His comfort with social media proved a powerful base for voter engagement when, following a 2020 election that left a weakened Fine Gael limping into a new three-party coalition government, Varadkar demoted Harris to a second-tier Cabinet post overseeing third-level education.
The brief offered an ideal base for Harris to travel weekly from campus to campus, microblogging and selfie-shooting across the nation, building an image as a lawmaker more connected to the concerns of teens and 20-somethings struggling to start families and secure homes.
As Harris prepares to become Taoiseach his TikTok followers are approaching 100,000, more than 10 times that of his party’s account. As usual, in his latest post, Harris talks straight into the camera, thanks his hundreds of thousands of viewers for their “friendship,” and notes how far he’s come from his first political activism “as an opinionated, moody teenager.”

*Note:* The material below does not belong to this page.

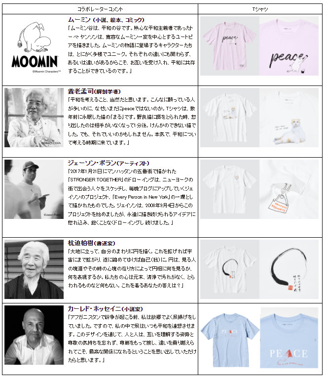 春夏コレクションは全5柄で、誰もが知る愛くるしいキャラクターのムーミンが、ピンクのTシャツをキャンバスに、力強く「PEACE」の文字を筆書きする姿が描かれている。著書『バカの壁』で知られる解剖学者の養老孟司氏は、愛猫「まる」の写真に「Hope means we can change」という言葉を添え、平和への願いを表現。その他、ニューヨークのアーティスト、ジェイソン・ポラン氏、書道家、杭迫柏樹氏、アフガニスタン出身で国連難民高等弁務官事務所(UNHCR)親善大使を務める元難民のアメリカ人小説家、カーレド・ホッセイニ氏のデザインも登場する。

He keeps his comments open on all forums but typically doesn’t reply to any of the hundreds of angry messages demanding an immediate general election. The government’s five-year term doesn’t run out until March 2025.
Flash in the pan?
This looming deadline begs the question: Will Harris be a flash in the prime ministerial pan, or can he lead Fine Gael against the polling odds into an historic fourth straight government?

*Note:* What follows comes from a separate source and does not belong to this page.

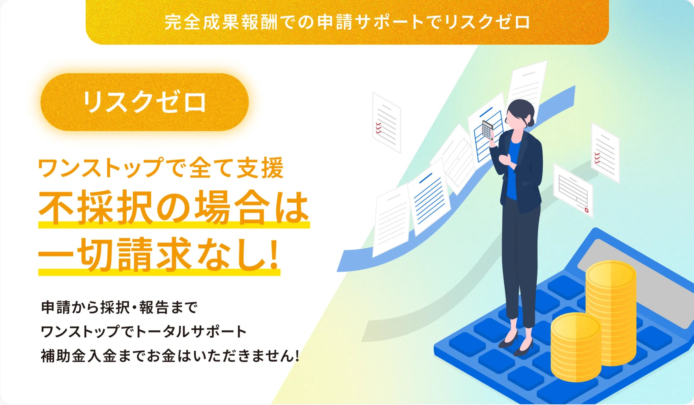申請サポート補助金ダイレクトでは、ご利用いただく事業者様の申請サポートにおいて、着手金や書類作成費用などの費用を一切いただいておりません。補助金が採択され、事業や報告業務が完了し、実際に入金されてから予め決められた手数料をお支払いいただく完全成果報酬型のサービスのため、不採択になった場合のリスクをカットできます。数年間にわたる報告義務がある場合も責任を持って最後まで対応いたしますのでご安心ください。

The majority of Fine Gael lawmakers who backed him hope so, even though it’s striking how many of those lawmakers already have announced their departure from politics at the end of the term.
Opinion polls in coming weeks should register whether Fine Gael gains a meaningful bounce from Varadkar’s replacement with Harris, who plans a series of face-to-face voter events nationwide ahead of Fine Gael’s annual conference April 6 in the western university city of Galway. He’ll be elected Taoiseach April 9 when the Dáil reconvenes from Easter recess.

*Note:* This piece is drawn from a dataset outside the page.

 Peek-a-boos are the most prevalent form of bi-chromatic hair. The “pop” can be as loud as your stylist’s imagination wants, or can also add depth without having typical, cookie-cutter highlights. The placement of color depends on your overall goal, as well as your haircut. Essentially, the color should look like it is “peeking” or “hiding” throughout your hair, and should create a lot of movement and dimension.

As things stand, Fine Gael faces an uphill battle to regain voters lost since 2011, many of them to rural independent lawmakers as the party tacked to the left in alliance with mostly liberal coalition partners.
Fighting Sinn Féin
The great challenge to Fine Gael’s re-election will be Sinn Féin, the Irish republican party once rooted overwhelmingly in the neighboring U.K. territory of Northern Ireland, but now the most popular party south of the border as well. Sinn Féin won the most votes in the 2020 election but didn’t run enough candidates to capitalize on those numbers — an error certain not to be repeated.
While Fine Gael’s main coalition partner, Fianna Fáil, hasn’t quite shut the door on a potential post-election partnership with Sinn Féin, Harris has made it one of his first political acts.
In his weekend victory speech to party faithful, Harris drew the strongest round of applause when he drew a stark red line between his party and Sinn Féin, noting it had never severed links with the outlawed Provisional IRA. He recalled how, only a few days before, a convicted cop killer from the IRA had received a paramilitary sendoff with his coffin draped in the Irish national flag.
“Fine Gael stands for law and order. This is the party that established An Garda Síochána. We stand on the side of the gardaí,” Harris said, referring to Ireland’s national police force. “We stand for streets that are safe, and crime that is never allowed to go unchecked. And in a week where I saw the tricolor of this republic draped over the coffin of a garda killer, I say: Shame! Let’s take our flag back!”
Sinn Féin has spent little energy attacking Harris directly, maintaining a public focus instead on trouncing Fine Gael, Fianna Fáil and the third government party, the Greens, in European Parliament and local council elections in June.
The immediate challenge for Harris will be how much to shuffle the Fine Gael ministers in the government to potentially weed out respected veterans in favor of next-generation allies. It’s hard for any new leader to claim to be an agent for change when so much of his existing front bench sounds worn out after 13 years in power.